Rebecca A Withey: It can take time to embrace your hearing aids 

Posted on March 1, 2024 by



In the same week that a friend proudly boasted how she had received some new sparkly hearing aid moulds, I came across a mother whose deaf daughter refuses to wear her hearing aids. This worried the parent.

“How can I help her to wear her hearing aids more?” She asked me.

Curious, I probed as to why the ten year old girl didn’t want to wear them. I discovered that not only was she the only person in her school class with hearing aids but she was the only person she knew who had them. She hadn’t socialised with any other deaf hearing aid wearers and therefore had negative feelings about looking ‘different.’

I understood this completely. In my primary school I was also the only child who had hearing aids and whilst it wasn’t the appearance of them that bothered me so much back then, in secondary school I did become self conscious of how I looked with these big bulky beige hearing aids sticking out of my ears.

I asked the parent more about the girl’s deafness level. How did she usually interact in day to day life? Was she managing comfortably without them?

The answer was yes. The girl has a moderate hearing loss and therefore only missed some high frequency sounds and if there wasn’t too much background noise she could follow instructions and what was being said quite easily.

The mother mentioned how the girl complained that the noise level in the classroom was uncomfortably loud with her hearing aids despite the teachers insisting that all noise was kept to a minimum.

Reflecting on my own experience again, I understood this. Hearing aids amplify sounds and they can sound strange, robotic and even harsh on the ears.

At one point in primary school my teachers noticed I developed a habit of blinking excessively and they eventually worked out that anytime I heard a ‘loud’ noise, this was uncomfortable for me and I would blink in response to the discomfort.

Fast forward to the age of 18 I eventually became a regular hearing aid wearer due to a multitude of reasons and circumstances. Nowadays I can’t live without them. But my hearing aids and I did not always have a love affair.

When I was little I could hear ‘enough’ to manage and so the natural sound from my own ears felt comfortable and just right for me. Hearing aids distorted this and certain high pitched sounds such as plates being knocked, a bell or a telephone ringing would literally feel as though they were piercing my brain.

This was also back in the day of analogue hearing aids where the volume was easy to control so if I did wear my hearing aids (usually when my teacher of the deaf visited me) the volume would be firmly turned down to the lowest setting.

In secondary school we were ‘forced’ to wear our hearing aids along with an ugly phonic aid. Being amongst such loud noises everyday would trigger headaches and fatigue I’d often need a nap when I got home.

As soon as I finished school, I would yank my hearing aids out.

Ahhh. Peace and quiet.

Then when analogue hearing aids were discontinued and I received my first digital hearing aids, everything sounded suddenly robotic and flat. I also couldn’t control the volume setting as well anymore.

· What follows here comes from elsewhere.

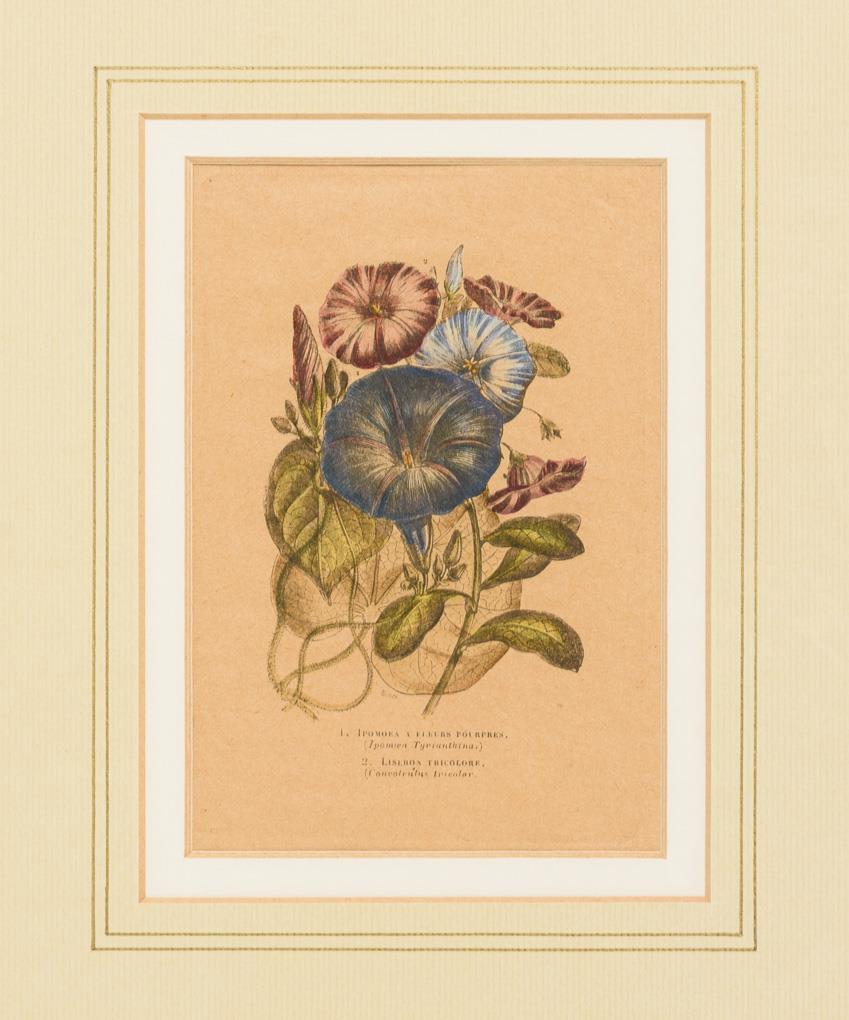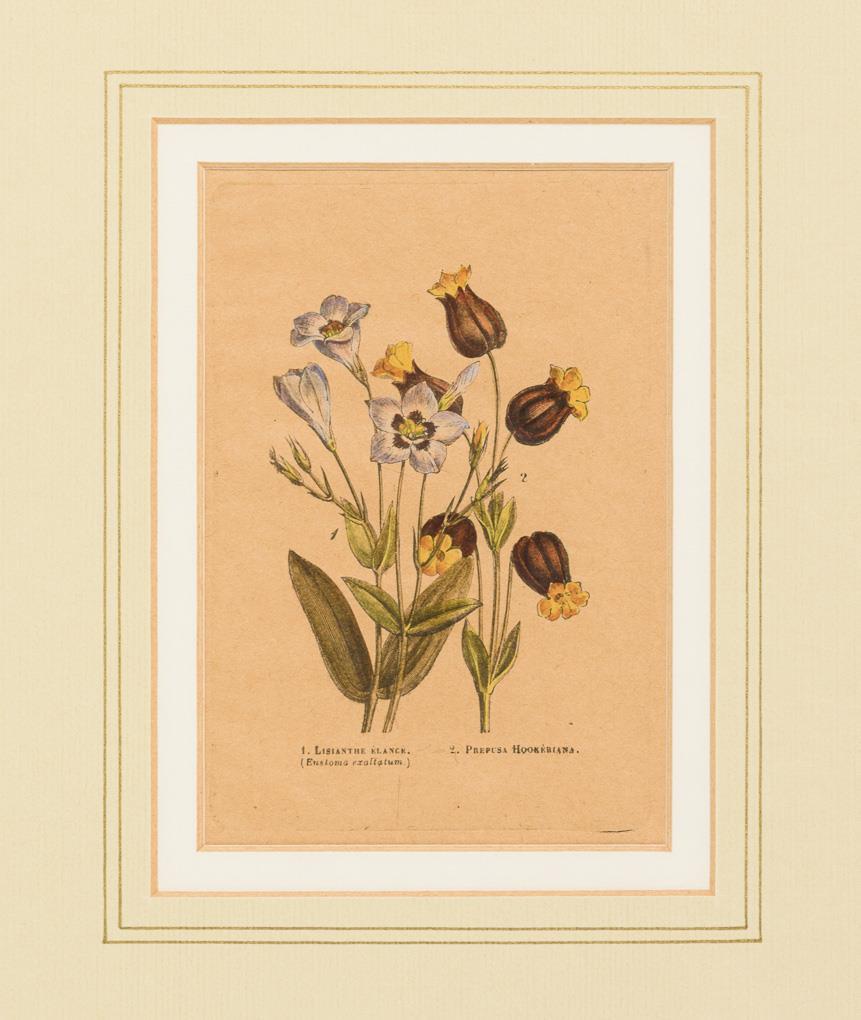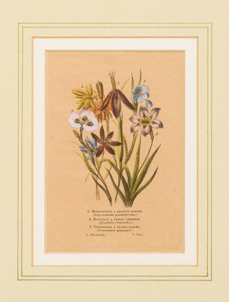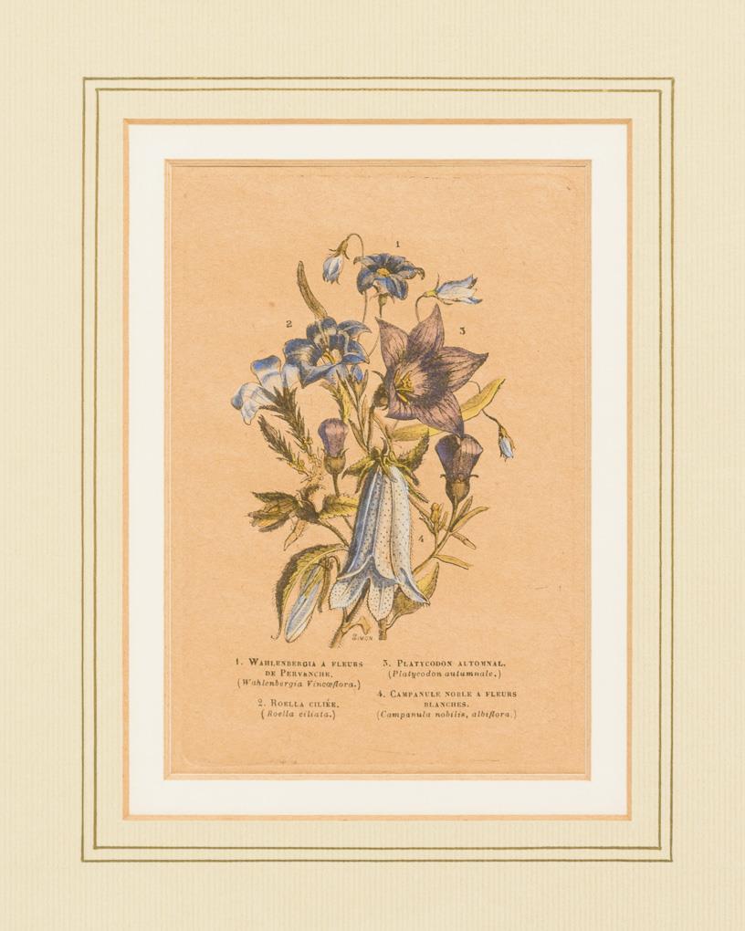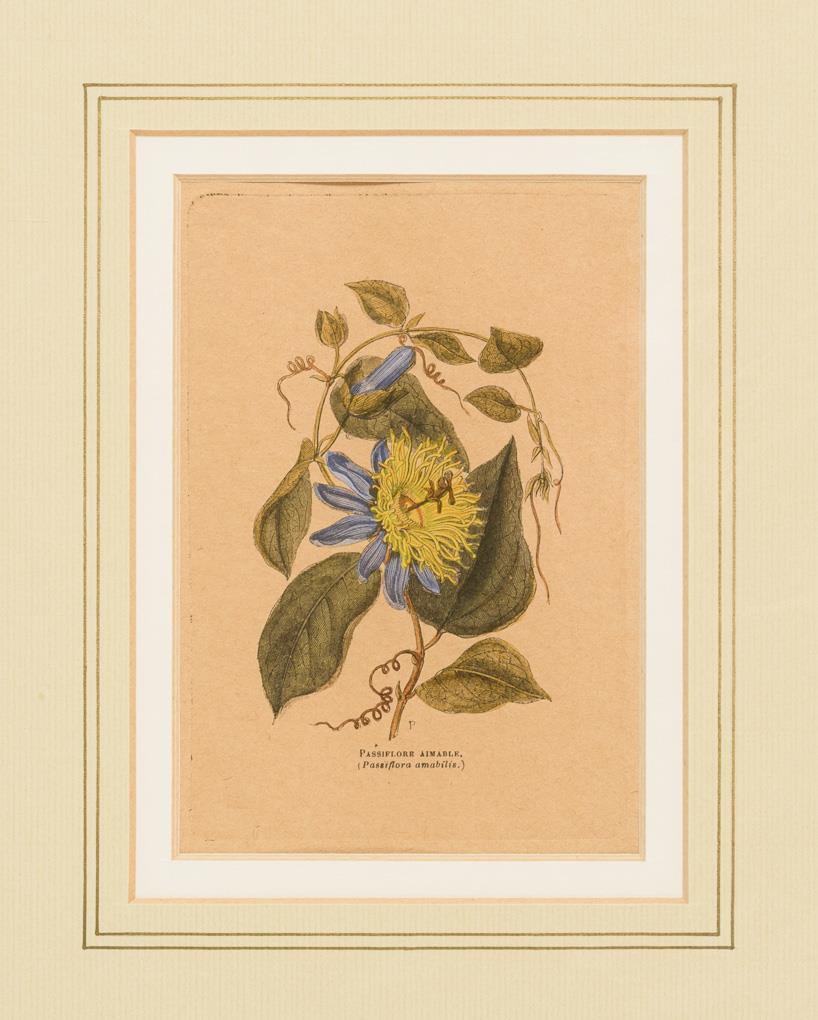 Passionsblume, Prärieglockenblume, Chinesische Glockenblume, Kamelie, Bermuda Zwergblume, Nebelwaldiris, Ballonblume und andere auf 6 Tafeln dargestellt; aus der botanischen Zeitschrift "Flore des serres et des jardins l'Europe", 1847; bezeichnet in Französisch und Latein.

As my deafness progressed, I could hear less sounds naturally and relied on my hearing aids more to hear sounds around me. My brain – which had grown up hearing sound – adapted well to this.

I started to then enjoy my hearing aids and feel more appreciative for what they gave me – the choice of hearing sounds if I wished to!

Hearing aids don’t make me hearing – I will always be deaf – but they do offer me the chance to access sounds around me that otherwise I would be oblivious to. Having that choice feels important to me.

So, regarding advice I would give to a parent who is worried about their childs reluctance to wear their hearing aids, here are a few pointers that I’ve put together:

  • It really does help to see other people who are hearing aid wearers so the child doesn’t feel so alone. Whether it’s by meeting real life role models or viewing deaf hearing aid wearers on the television, seeing and normalising hearing aids is really important.
  • If a child is reluctant to wear them, offer fun suggestions to ease them in gently. Are there quiet times in your childs day where they might like to pop them in? Would they wear them for 10 minutes to listen to songs or stories, and you can make it fun asking them to listen out for funny or strange sounds?
  • Can you make them look more attractive? Coloured moulds, decal stickers are all good ways of doing this!
  • Read or learn about the technology behind hearing aids. Do they understand why they have them and how they work? Learning about the science behind hearing aids can help a child see how cool and clever they actually are!
  • Remember – hearing aids are only supposed to be a tool, they’re not a communication method. If your child has extremely negative feelings towards hearing aids, my personal view is that it would be detrimental to force or push these on them.Do they have other access to communication? Can they use sign language, lip read or use other ways that they might feel comfortable with?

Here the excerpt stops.